* _Supplied information_
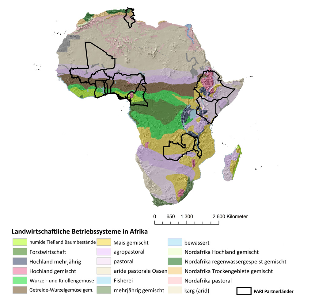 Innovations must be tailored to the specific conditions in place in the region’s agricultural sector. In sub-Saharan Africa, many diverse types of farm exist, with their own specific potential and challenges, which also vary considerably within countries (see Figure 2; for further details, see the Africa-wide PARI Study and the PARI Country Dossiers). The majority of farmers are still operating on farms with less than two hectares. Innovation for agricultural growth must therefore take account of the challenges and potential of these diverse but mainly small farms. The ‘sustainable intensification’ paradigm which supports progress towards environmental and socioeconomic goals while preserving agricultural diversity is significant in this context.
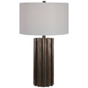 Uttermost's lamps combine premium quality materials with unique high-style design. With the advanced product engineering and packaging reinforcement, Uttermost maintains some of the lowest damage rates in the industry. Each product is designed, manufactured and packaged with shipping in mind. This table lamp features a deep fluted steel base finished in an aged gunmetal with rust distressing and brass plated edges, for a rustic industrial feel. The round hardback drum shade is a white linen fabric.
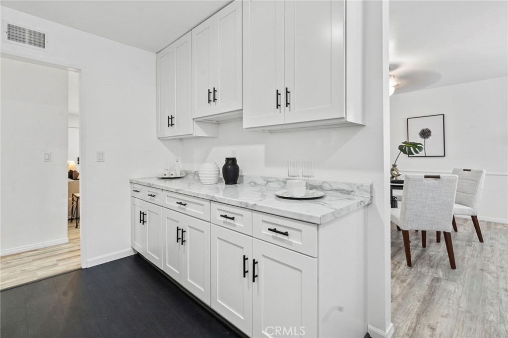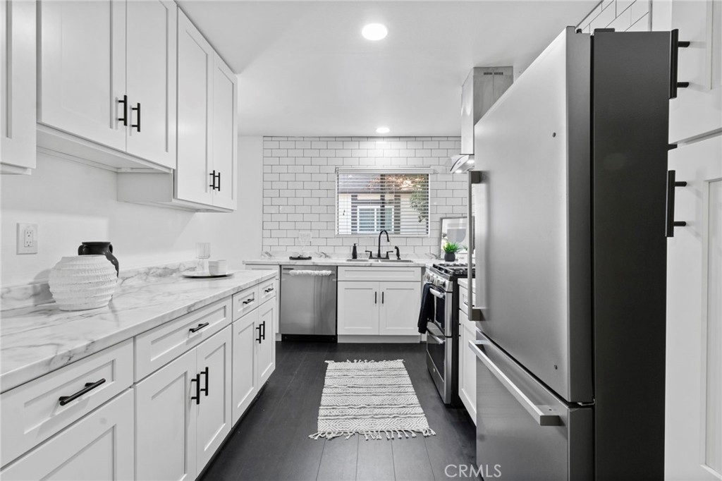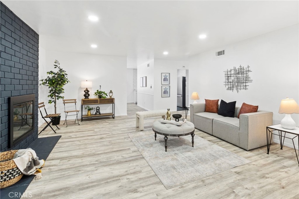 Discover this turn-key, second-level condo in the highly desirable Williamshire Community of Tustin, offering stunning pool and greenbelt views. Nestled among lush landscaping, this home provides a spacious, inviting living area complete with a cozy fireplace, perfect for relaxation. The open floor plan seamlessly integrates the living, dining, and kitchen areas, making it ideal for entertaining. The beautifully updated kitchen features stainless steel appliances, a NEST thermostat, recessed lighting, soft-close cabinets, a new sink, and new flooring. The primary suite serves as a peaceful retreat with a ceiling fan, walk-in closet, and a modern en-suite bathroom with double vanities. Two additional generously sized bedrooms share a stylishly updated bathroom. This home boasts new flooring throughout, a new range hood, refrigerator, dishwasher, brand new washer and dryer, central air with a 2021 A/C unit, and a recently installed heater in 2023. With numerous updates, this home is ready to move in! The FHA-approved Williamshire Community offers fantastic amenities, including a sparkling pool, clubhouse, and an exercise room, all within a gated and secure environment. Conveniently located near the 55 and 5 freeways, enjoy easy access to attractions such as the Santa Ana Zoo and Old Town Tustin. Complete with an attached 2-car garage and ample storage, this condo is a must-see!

* _Exercise_
Each line of the data above must be reproduced as written. Skip the pictures.

* _Result of the task_
 Innovations must be tailored to the specific conditions in place in the region’s agricultural sector. In sub-Saharan Africa, many diverse types of farm exist, with their own specific potential and challenges, which also vary considerably within countries (see Figure 2; for further details, see the Africa-wide PARI Study and the PARI Country Dossiers). The majority of farmers are still operating on farms with less than two hectares. Innovation for agricultural growth must therefore take account of the challenges and potential of these diverse but mainly small farms. The ‘sustainable intensification’ paradigm which supports progress towards environmental and socioeconomic goals while preserving agricultural diversity is significant in this context.
 Uttermost's lamps combine premium quality materials with unique high-style design. With the advanced product engineering and packaging reinforcement, Uttermost maintains some of the lowest damage rates in the industry. Each product is designed, manufactured and packaged with shipping in mind. This table lamp features a deep fluted steel base finished in an aged gunmetal with rust distressing and brass plated edges, for a rustic industrial feel. The round hardback drum shade is a white linen fabric.
 Discover this turn-key, second-level condo in the highly desirable Williamshire Community of Tustin, offering stunning pool and greenbelt views. Nestled among lush landscaping, this home provides a spacious, inviting living area complete with a cozy fireplace, perfect for relaxation. The open floor plan seamlessly integrates the living, dining, and kitchen areas, making it ideal for entertaining. The beautifully updated kitchen features stainless steel appliances, a NEST thermostat, recessed lighting, soft-close cabinets, a new sink, and new flooring. The primary suite serves as a peaceful retreat with a ceiling fan, walk-in closet, and a modern en-suite bathroom with double vanities. Two additional generously sized bedrooms share a stylishly updated bathroom. This home boasts new flooring throughout, a new range hood, refrigerator, dishwasher, brand new washer and dryer, central air with a 2021 A/C unit, and a recently installed heater in 2023. With numerous updates, this home is ready to move in! The FHA-approved Williamshire Community offers fantastic amenities, including a sparkling pool, clubhouse, and an exercise room, all within a gated and secure environment. Conveniently located near the 55 and 5 freeways, enjoy easy access to attractions such as the Santa Ana Zoo and Old Town Tustin. Complete with an attached 2-car garage and ample storage, this condo is a must-see!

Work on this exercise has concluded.